Satu tahun pernikahan, artinya satu tahun pula jarak kami bentangkan. Jauh dari keluarga besar, namun kebesaran-Nya menyodorkan jaraklah yang memperkuat pemahaman kami bahwa jarak hanya kilometer pandang, namun ada do'a yang mendekatkan kita. Sama seperti kecintaan kita pada sang pencipta. Tak kasat mata, namun dekat dan lebih dekat dari urat nadi. Terus memanjatkan doa, memohon pertolongannya dan tak lupa menyebut nama-Nya berulang-ulang kali. Meski kita tahu bahwa Allah tengah bersemayam diatas Arsy-Nya, tak sederajat Dzat yang diciptakan-Nya, namun Ia maha melihat, maka tak ada manusia dan mahluk ciptaan lainnya yang mampu lepas dari pantauan-Nya. 

“Dan kami lebih dekat kepada dia daripada urat nadinya, tatkala dua malāikat berada di tangan kanan dan kiri.” (QS Qāf: 16-17) 

 
أَلَمْ تَرَ أَنَّ اللَّهَ يَعْلَمُ مَا فِي السَّمَاوَاتِ وَمَا فِي الْأَرْضِ ۖ مَا يَكُونُ مِنْ نَجْوَىٰ ثَلَاثَةٍ إِلَّا هُوَ رَابِعُهُمْ وَلَا خَمْسَةٍ إِلَّا هُوَ سَادِسُهُمْ وَلَا أَدْنَىٰ مِنْ ذَٰلِكَ وَلَا أَكْثَرَ إِلَّا هُوَ مَعَهُمْ أَيْنَ مَا كَانُوا ۖ ثُمَّ يُنَبِّئُهُمْ بِمَا عَمِلُوا يَوْمَ الْقِيَامَةِ ۚ إِنَّ اللَّهَ بِكُلِّ شَيْءٍ عَلِيمٌ

“Tidakkah engkau lihat, Allāh mengetahui/mengilmui apa yang ada di langit dan di bumi. Tidak ada tiga orang saling berbisik kecuali Allāh yang keempat, tidak ada lima orang saling berbisik kecuali Allāh yang keenam, tidak ada yang sedikit atau banyak kecuali Allāh bersama mereka. Kemudian Allāh akan mengabarkan kepada mereka tentang apa yang mereka lakukan pada hari kiamat kelak. Sesungguhnya Allāh Maha Mengetahui Segala Sesuatu.” (QS Al Mujādilah: 7)

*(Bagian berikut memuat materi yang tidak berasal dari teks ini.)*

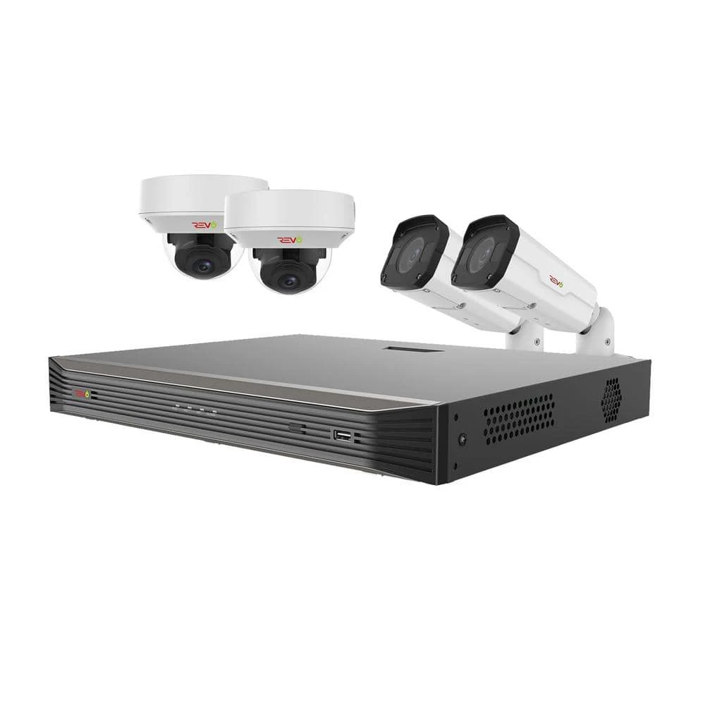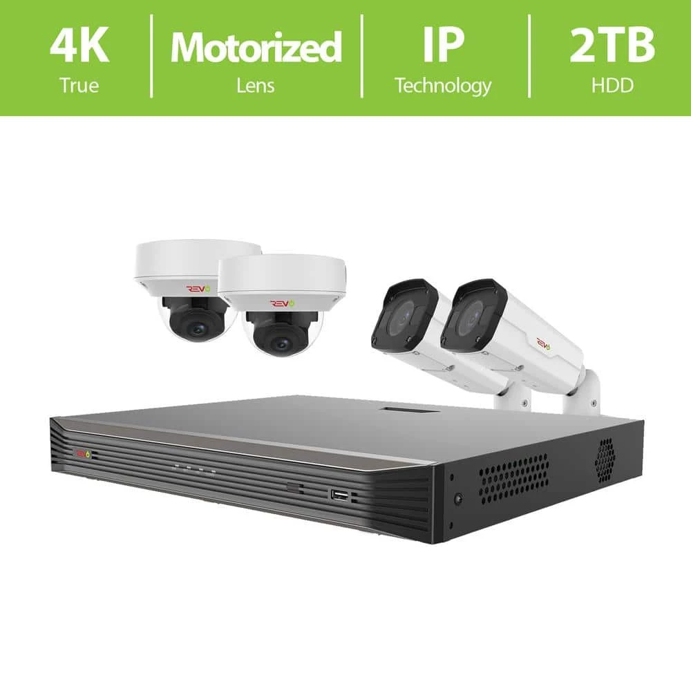 With incredible video quality, ease of use and powerful networking tools, Revo Ultra is the very best that Revo has to offer. The Revo Ultra’s superb video quality is based on IP technology. The RU82A4KBNDL-1 is a complete plug and play SMART HD surveillance system with 8-Channel 4K NVR, 2TB and 4x 4K HD Indoor/outdoor Motorized Cameras. The Revo ULTRA 8CH NVR is powerful featuring state of the art H.265 Compression, up to 4K Recording, 4K video output and 2TB Video Surveillance Grade HDD. The H.265 Indoor/Outdoor cameras feature massive True 4K Sensors, 2 times the resolution of 4MP Cameras. The built-in Professional Grade OSRAM LED’s and IR anti reflection glass strongly illuminate the scene up to an unprecedented 175 in total darkness. The cameras feature 4X optical Zoom and a 2.8 mm to 12 mm automatic lens allows convenient adjustment of the field of view (47 to 115) of the camera. The cameras are built for the outdoors capable of handling temperatures as cold -40°F and as hot as 140°F. View your Revo Ultra 4K cameras from anywhere. Using the Revo Ultra Mobile smartphone app, simply set up an account and then scan your NVRs QR code to begin mobile viewing. Pre-event recording includes video before motion is detected providing valuable context leading up to the incident. Experience Peace of Mind with the ultimate high resolution IP technology from Revo.

Sempat menitihkan air mata, menengok kebelakang dan mengucap istigfar kian kali, tentu bukan untuk mengelakkan hal-hal yang pernah terjadi, namun memohon kemudahan dari setiap kesedihan yang dialami. Di awal pernikahan kami, tepat 5 hari setelah  diberlangsungkannya pesta perayaan tanggal pernikahan kami, Allah beri kabar penempatan kerja ulang bagi suami, yang tentu saja sontak menggegerkan isi kepala. Kala itu, saya masih punya ikatan kontrak mengajar enam kelas di Institusi Islam Negeri, kampus hijau Indonesia Timur sedang baru berjalan dua minggu terhitung izin seminggu persiapan pernikahan dan penyelesaian perbaikan di Universitas, baru-baru saja mengikut acara wisuda studi strata dua. Awalnya hanya dosen pengganti seorang Professor yang saya panuti. Namun karena gelar magister baru saja direkatkan, maka sudah diwajarkan untuk memegang kelas independen meski belum berstatuskan dosen tetap. Meski telah lama mengajar dengan upah rendah, hanya mengganti jam pula, tetap saja ini kesyukuran luar biasa, mengingat tak banyak yang mendapatkan kesempatan yang sama di luar sana. Beranjak dari sini saya dibuat bingung, mengikut suami dan meninggalkan kewajiban di Universitas, ataukah menuntaskan jam ngajar dulu lalu menyusul ke perantauan. Sulit bahkan terasa sangat berat awalnya. Terlebih mengingat perjuangan studi dan rentetan-rentetan jenjang pengabdian hingga mampu berada di titik ini. Namun, Untungnya, suami begitu sabar saat itu dengan katakan:

Selesaikan meki jam ngajarta, sesekali kesini. Semoga jalan ini yang bisa naikkan level sabar kita, sayang.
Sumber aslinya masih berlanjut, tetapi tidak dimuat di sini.